# No "social media" parameters on Oasis?



## Barthox (Jan 4, 2021)

Hi everyone,

when researching the sharing capabilities of my Kindle Oasis, I read that you could add some social media accounts in the kindle settings, especially of course Goodreads.

Now, when I go to my Oasis parameters, there's no place to link it to my social media accounts.

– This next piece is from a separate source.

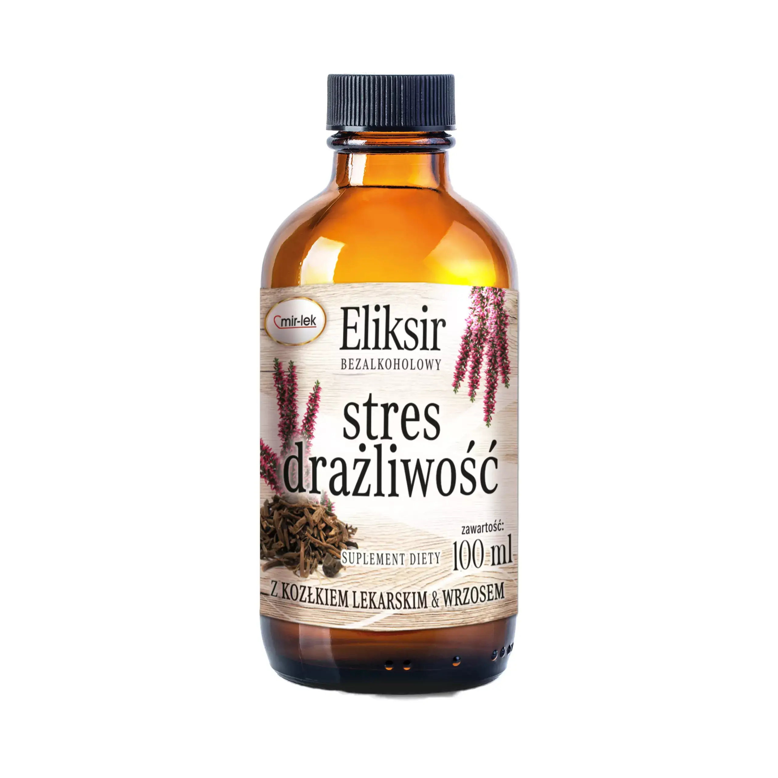 ELIKSIR przy stresie, drażliwości powstał z wyciągów z roślin takich jak: lukrecja, szyszka chmielu, kozłek lekarski, pierwiosnek, melisa, lawenda, wrzos, łuska gryki. Kozłek lekarski jest pomocny w okresach napięcia, stresu, drażliwości. Pomaga się odprężyć. Lukrecja wspiera system nerwowy, a chmiel oddziałuje na niego kojąco, pierwiosnek może pomagać w odzyskaniu naturalnego dobrego samopoczucia, pomaga się zrelaksować, melisa pomaga utrzymać dobry nastrój, przyczynia się do optymalnego wypoczynku, lawenda sprzyja relaksacji a wrzos pomaga odzyskać równowagę.
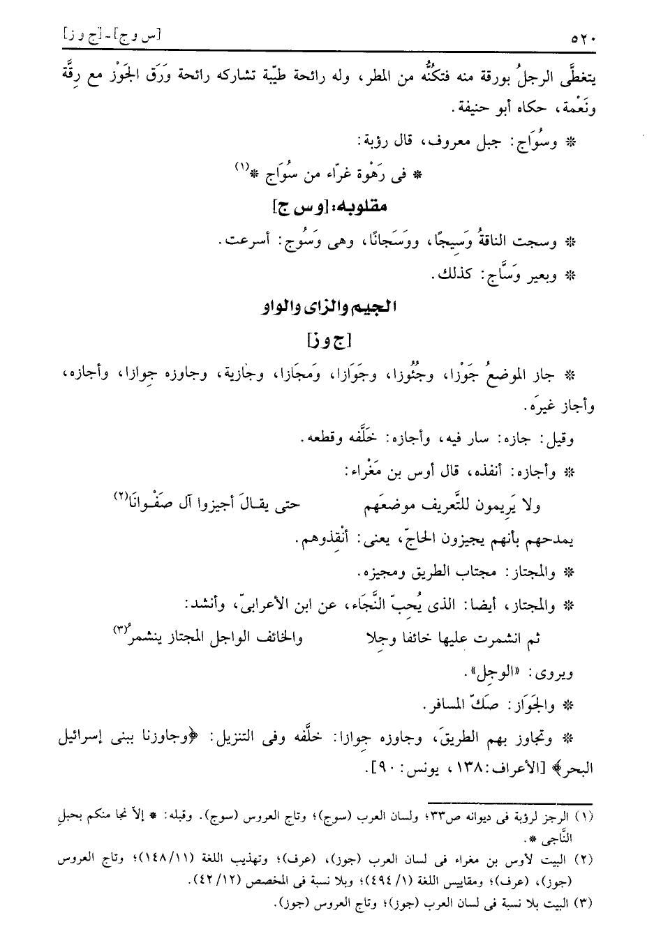 جَازَ الْموضع جَوْزا، وجُئُوزا، وجَوَازا، ومَجَازا، وجازية، وجاوزه جِوازا، وَأَجَازَهُ، وَأَجَازَ غَيره.

The Oasis user's guide does mention that it should be in the "My Account" tab, but I don't have it ...

Is it normal?

Thanks,

Barthox


----------



## LDB (Oct 28, 2008)

I don't find anything on my Oasis either. I've never wanted it or looked for it but was curious so I checked. Unless it is well hidden it isn't there.


----------



## Ann in Arlington (Oct 27, 2008)

Barthox said:


> Hi everyone,
> 
> when researching the sharing capabilities of my Kindle Oasis, I read that you could add some social media accounts in the kindle settings, especially of course Goodreads.
> 
> ...


I'll have to hunt, but there is a setting where you can link your kindle account to Goodreads. You can't do much with it, though, except GR will update when you start or finish a book. But it's been wonky for the last year or so where you open a book and it marks it as read immediately. So I turned it off.

I'll hunt for the setting, though, and let you know where when I have time.


----------